Your objective: Everything from the line with "- California Prop" to the last line of the listing must be retyped exactly, both ends included, with the pictures dropped.
_ _ _
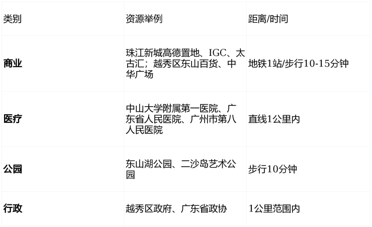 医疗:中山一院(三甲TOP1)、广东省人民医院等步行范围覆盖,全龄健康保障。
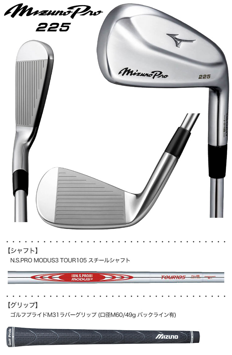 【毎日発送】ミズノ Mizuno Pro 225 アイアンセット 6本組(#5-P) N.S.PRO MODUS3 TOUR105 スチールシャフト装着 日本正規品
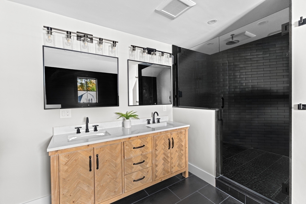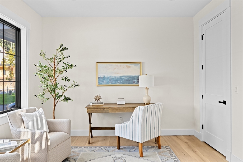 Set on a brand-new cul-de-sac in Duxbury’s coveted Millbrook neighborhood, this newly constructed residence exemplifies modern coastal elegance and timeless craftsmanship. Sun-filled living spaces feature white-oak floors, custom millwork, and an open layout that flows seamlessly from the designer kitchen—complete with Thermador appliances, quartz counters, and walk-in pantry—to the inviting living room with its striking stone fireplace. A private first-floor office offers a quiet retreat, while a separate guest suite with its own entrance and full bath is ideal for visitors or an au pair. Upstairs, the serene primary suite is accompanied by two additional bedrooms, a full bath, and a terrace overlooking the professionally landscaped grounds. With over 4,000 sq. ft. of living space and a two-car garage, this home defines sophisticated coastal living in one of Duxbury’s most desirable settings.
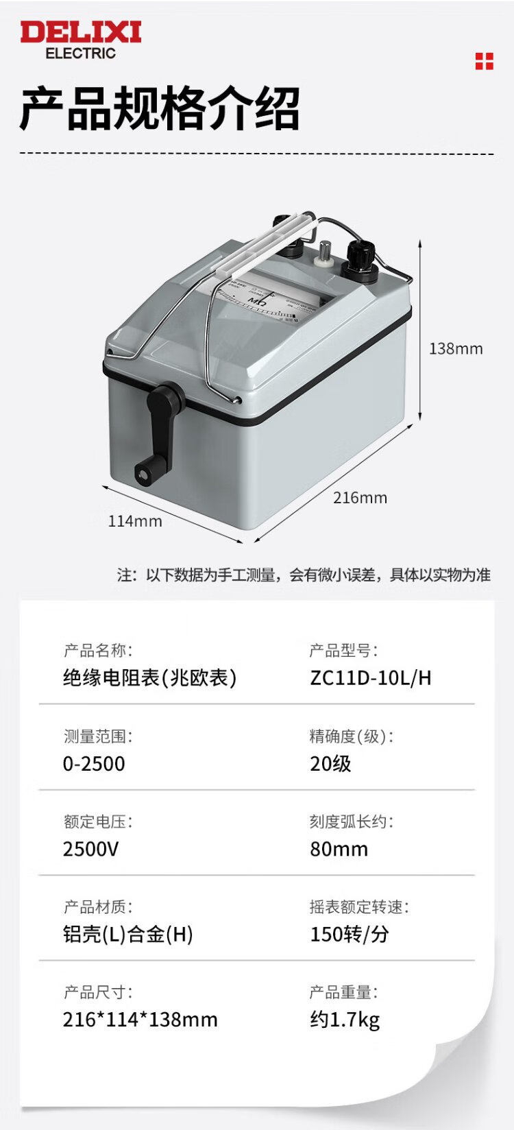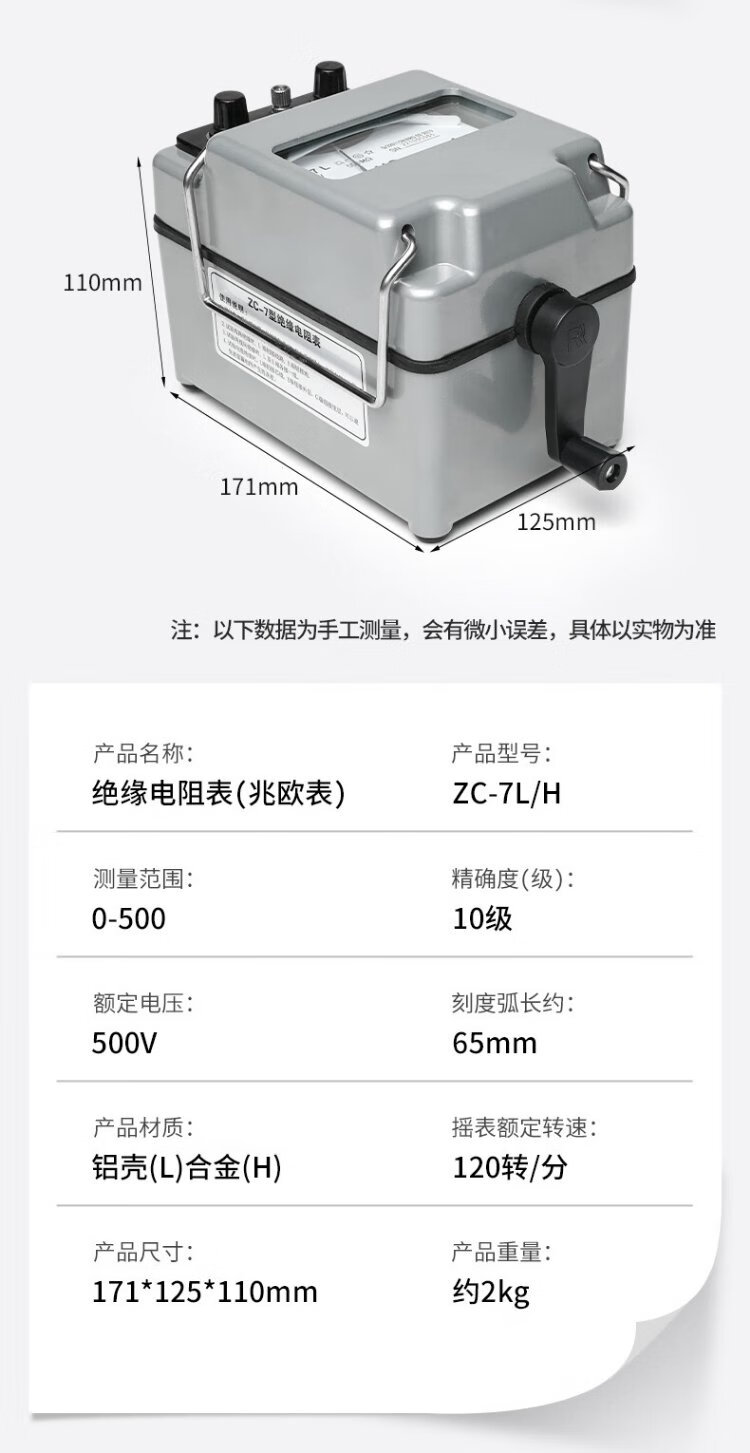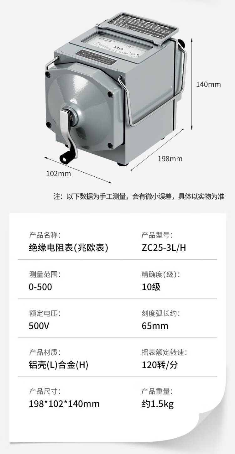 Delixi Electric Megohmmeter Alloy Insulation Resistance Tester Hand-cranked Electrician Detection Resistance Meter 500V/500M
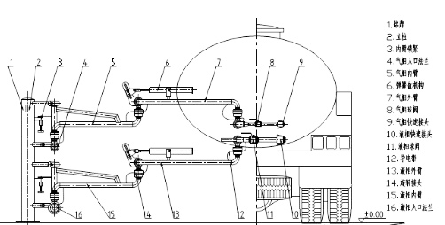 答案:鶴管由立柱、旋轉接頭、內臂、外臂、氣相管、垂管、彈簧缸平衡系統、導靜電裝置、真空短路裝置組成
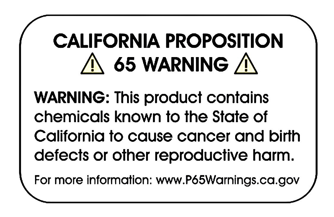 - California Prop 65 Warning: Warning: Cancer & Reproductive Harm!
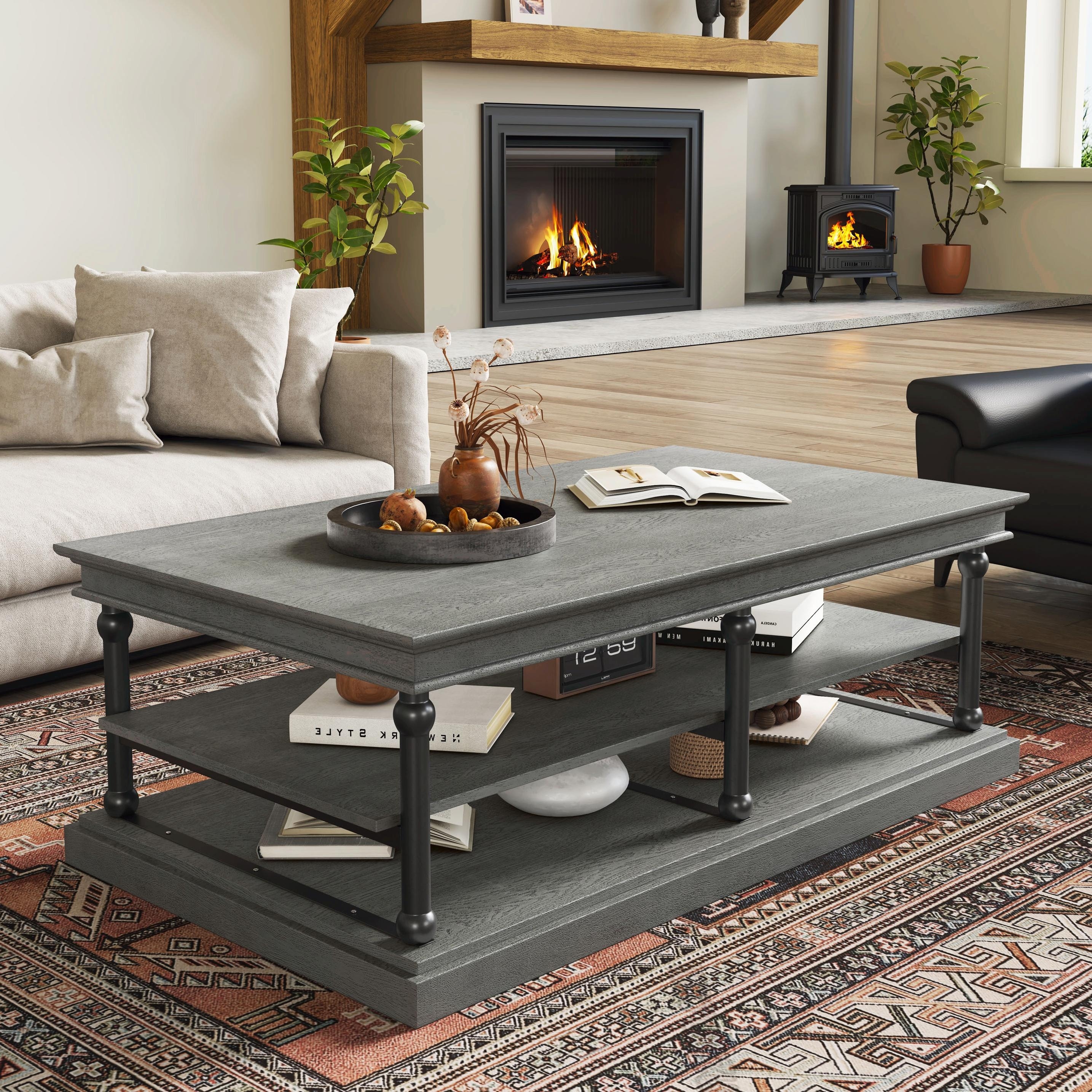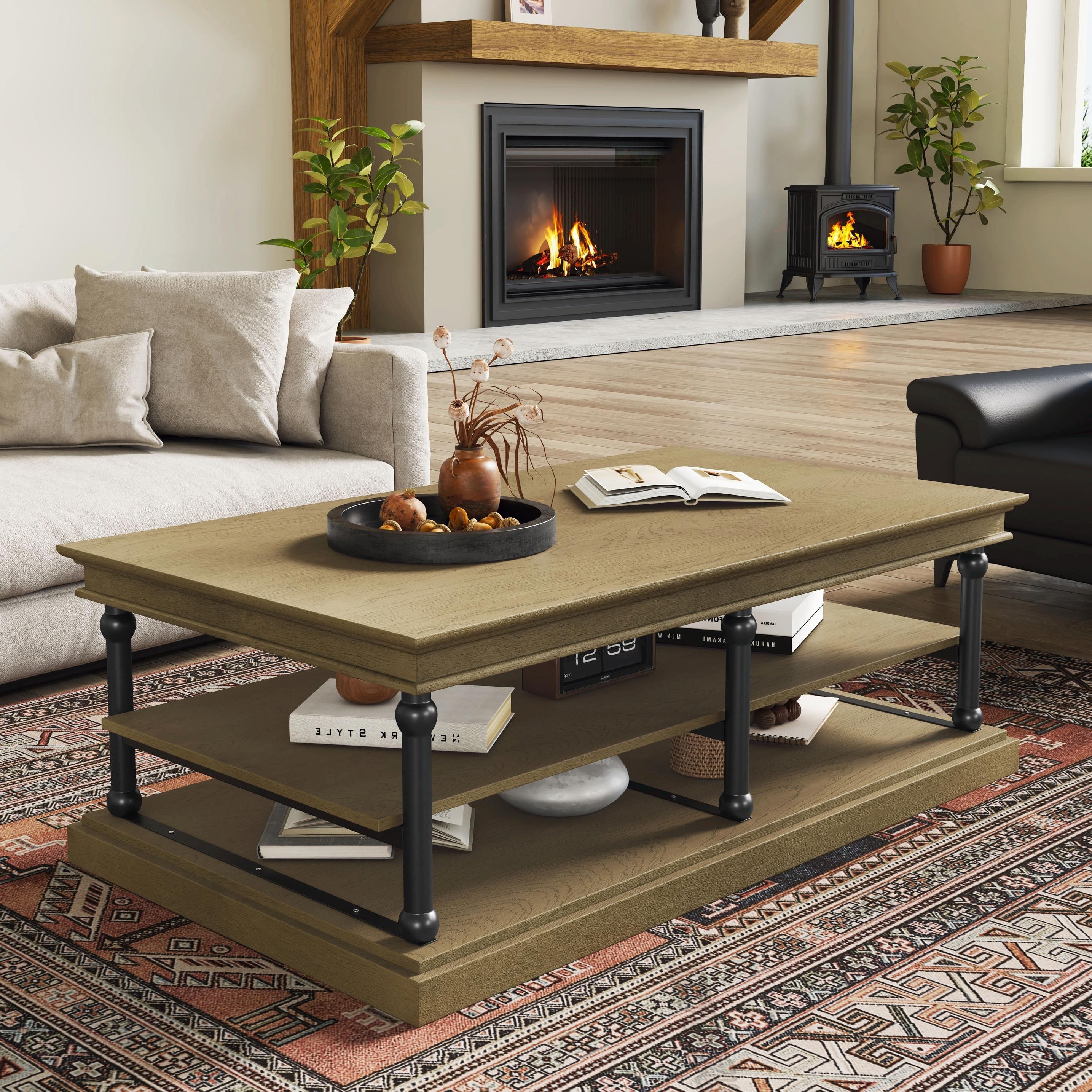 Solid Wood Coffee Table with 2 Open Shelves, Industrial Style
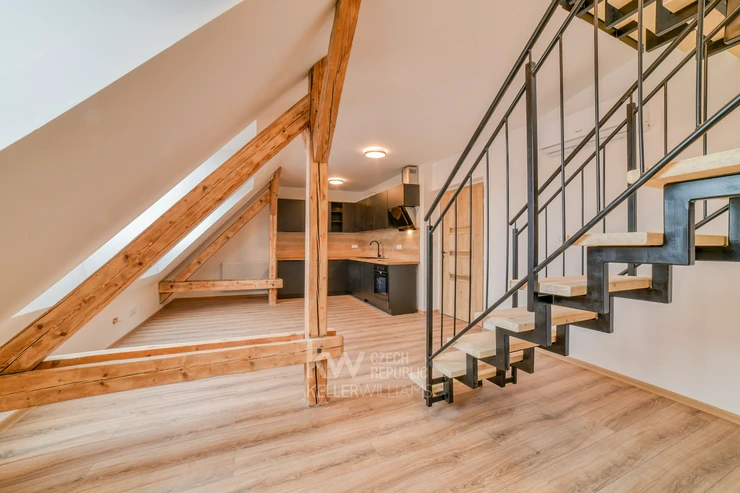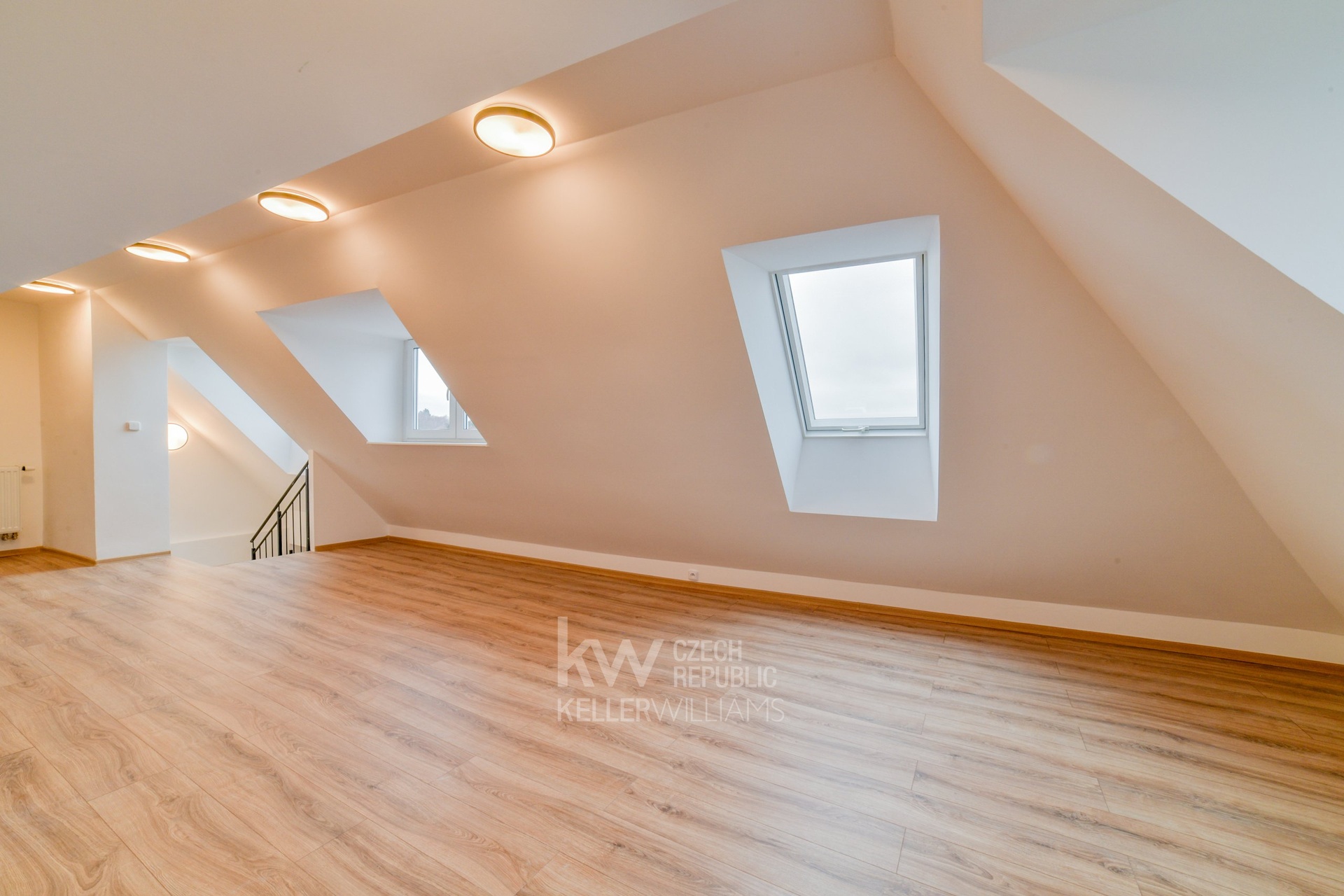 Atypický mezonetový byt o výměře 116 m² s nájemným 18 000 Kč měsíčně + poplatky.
_ _ _
Task response:
 - California Prop 65 Warning: Warning: Cancer & Reproductive Harm!
 Solid Wood Coffee Table with 2 Open Shelves, Industrial Style
 Atypický mezonetový byt o výměře 116 m² s nájemným 18 000 Kč měsíčně + poplatky.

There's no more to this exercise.